The trend line of higher lows is less than 4% below Friday’s close. If DIA follows the pattern of the past few months, this 4% drop would be exactly what the index needs to reset again before resuming its rally. Once traders see support from the lower trend line again, the buyers will jump back into their bullish stances and push stocks higher. Cautious investors need to wait for support and possibly miss the short-term low before allocating more cash reserves into the riskier investment. Aggressive buyers can enter their orders when DIA gets close to the ascending trend line and risk support not working this time.

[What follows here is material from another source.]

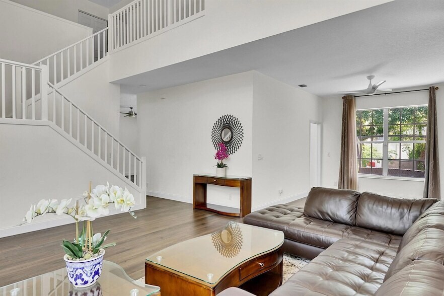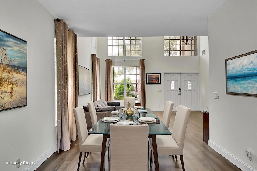 Spacious 4BR, 2.5BA home with 2,226 sq ft. & a 2 car garage with a Tesla charging station! Located in a gated community near shopping & highways. Enjoy peace of mind with a 2021 roof, new 5 ton A/C, and complete accordion shutters. Interior features stunning new luxury waterproof vinyl flooring throughout. New stainless appliances, granite countertops in kitchen, newer impact garage door & impact sliders going to the patio. Half bath downstairs was updated with a floating vanity & LED mirror. Relax in the screened patio-marble floors on the back patio & front patio. Pick fresh fruit from your own fenched backyard with many fruit trees. Perfect blend of comfort, convenience, and security--ideal for modern living!

The three moving averages shown on this chart are the 10, 20, and 50-day moving averages currently at $248.56, $247.08, and $240.51 respectively. Each of these moving averages could provide temporary support for the ETF. Each break below a moving average is another reason for the bears to gather momentum and pull stocks lower. A decline to the 50-day moving average would be a 4.8% drop, but even if the stocks began to decline on Monday, the moving average would continue inching higher and might meet DIA closer to a 4.0% decline, the biggest drop for the Dow in over a year. I didn’t include the 100 and 200-day moving averages at $231.96 and $221.85 respectively, but they will be worth watching if the 50-day moving average breaks support. The 200-day moving average is 12.2% below Friday’s closing price. A drop of 10% is considered a “correction” by definition and can be a catalyst for bulls to return. The DIA would be very close to its 200-day moving average with a correction such as this, which could offer a second reason for buyers to return to the market.
The Williams % R indicator shows overbought and oversold conditions. A stock or index can remain overbought or oversold for weeks or months at a time (see the past four months on the 56-day indicator at the bottom of the chart). The change in sentiment is what matters. When Williams %R falls below the gray overbought area in each of the three periods noted on this chart, traders know a price decline could be more severe than the usual daily and weekly ebbs and flows. Williams %R is close to extreme overbought levels as of Friday’s close, which throws up a warning signal, but not enough to abandon a thriving market yet. The warning sign could switch to an obvious sell signal soon and will keep traders’ attention as we wait for the inevitable correction. I still see this market as one that investors should buy the dips, but we don’t have to rush into any dip before we see the falling knife has landed.